RL-DMF: Dynamic Multi-Graph Fusion

Updated 17 January 2026

RL-DMF is a framework that adaptively fuses multi-graph data using RL-driven feature selection for enhanced spatiotemporal predictions.
It combines dynamic graph construction with reinforcement learning to intelligently mask less critical features, improving prediction accuracy.
Empirical results indicate significant RMSE improvements and clear feature rankings, providing both precise forecasting and interpretability.

Reinforcement Learning-guided Dynamic Multi-Graph Fusion (RL-DMF) is a framework designed to adaptively and interpretably aggregate heterogeneous graph-structured information for spatiotemporal prediction tasks. RL-DMF integrates reinforcement learning (RL) for feature selection and ranking with dynamic multi-graph attention fusion, offering both predictive accuracy and post hoc interpretability, especially in scenarios such as evacuation traffic forecasting (Rafi et al., 10 Jan 2026).

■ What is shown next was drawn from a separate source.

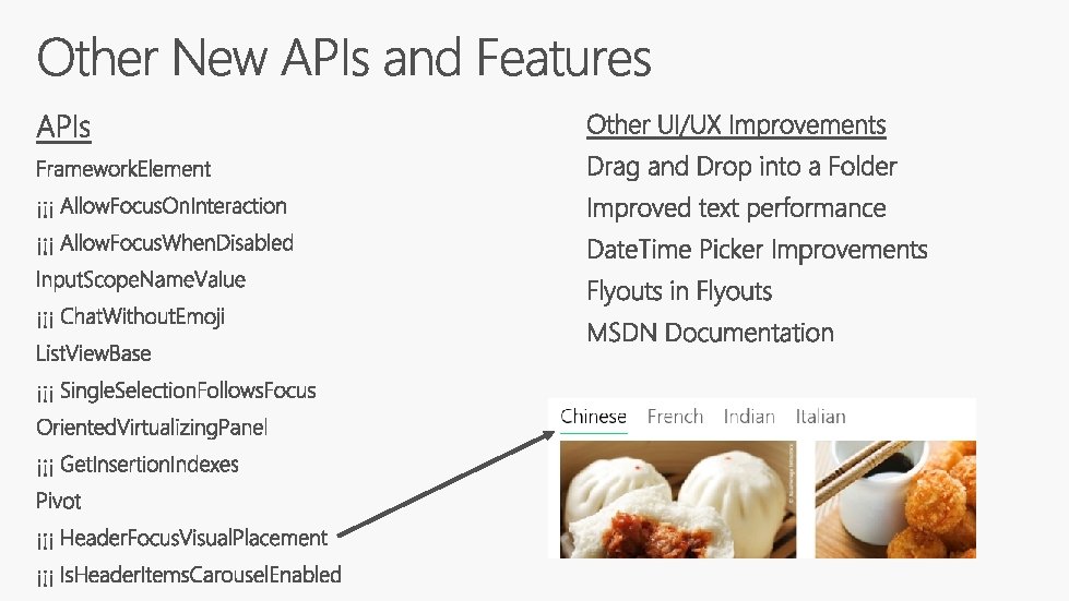 <!– ALT + O will invoke the Button --> <Button Content="Open" Click="Open. Cmd" Access. Key="O" Access. Key. Display. Dismissed="On. Dismissed" Access. Key. Display. Requested="On. Displayed"/> // Display UX Affordance (not required) private void On. Display(…) { // If desired: show all commands and UX affordance // Example: show tooltip and hide in “On. Dismissed” handler var tooltip = Tool. Tip. Service. Get. Tool. Tip(sender) as Tool. Tip; … }
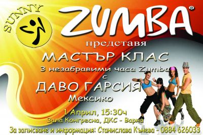 На 1 Април 2012г от 15:30ч екипът на Sunny Salsa & Sunny Zumba Ви канят на едно незабравимо събитие – Мастър Клас по Zumba Fitness с невероятния Даво Гарсия.

1. Architecture and Workflow

RL-DMF comprises two tightly coupled modules: (i) an RL-based intelligent feature selection and ranking module (RL-IFSR), and (ii) a dynamic multi-graph fusion module (DMF). The workflow proceeds as follows:

Inputs:
- Temporal feature tensors $\tilde X_\mathrm{temp} \in \mathbb{R}^{N_t \times l \times F_t}$ representing the time series of each detector over the previous $l$ time steps.
- Static spatial feature tensors $\tilde X_\mathrm{spatial} \in \mathbb{R}^{N_t \times F_s}$ for each detector.
RL-IFSR: Observes the state $s = \left[\mathrm{mean}_{b,t}(X_\mathrm{temp}) \;\Vert\; \mathrm{mean}_b(X_\mathrm{spatial})\right] \in \mathbb{R}^{F_t+F_s}$ , selects a single feature index $a \in \{0, \dots, F_t + F_s-1\}$ for masking, and receives reward $r = -\mathcal{L}_\mathrm{pred}(\hat y, y)$ (negative prediction loss).
Feature Masking: The selected feature is zeroed in the current batch via binary masks $m_\mathrm{temp}$ and $m_\mathrm{spatial}$ .
Dynamic Multi-Graph Construction & Fusion: At each time step, two dynamic graphs are built to represent different spatial relations: a distance-based graph $G_t^d$ and a travel-time-based graph $G_t^{tt}$ . Node features, after RL-masking, are processed by individual single-layer GCNs, yielding $Z_t^d$ and $Z_t^{tt}$ , which are then fused by node-wise attention into a single $Z_t^\mathrm{fused}$ .
Temporal Modeling and Prediction: The fused node embeddings are passed through an LSTM and a linear prediction layer to yield final predictions $\hat y$ .
Training: At each mini-batch iteration, RL-driven masking and feature selection is performed, DMF computes predictions, MSE loss is backpropagated, and the RL module receives the negative loss as reward to update its policy.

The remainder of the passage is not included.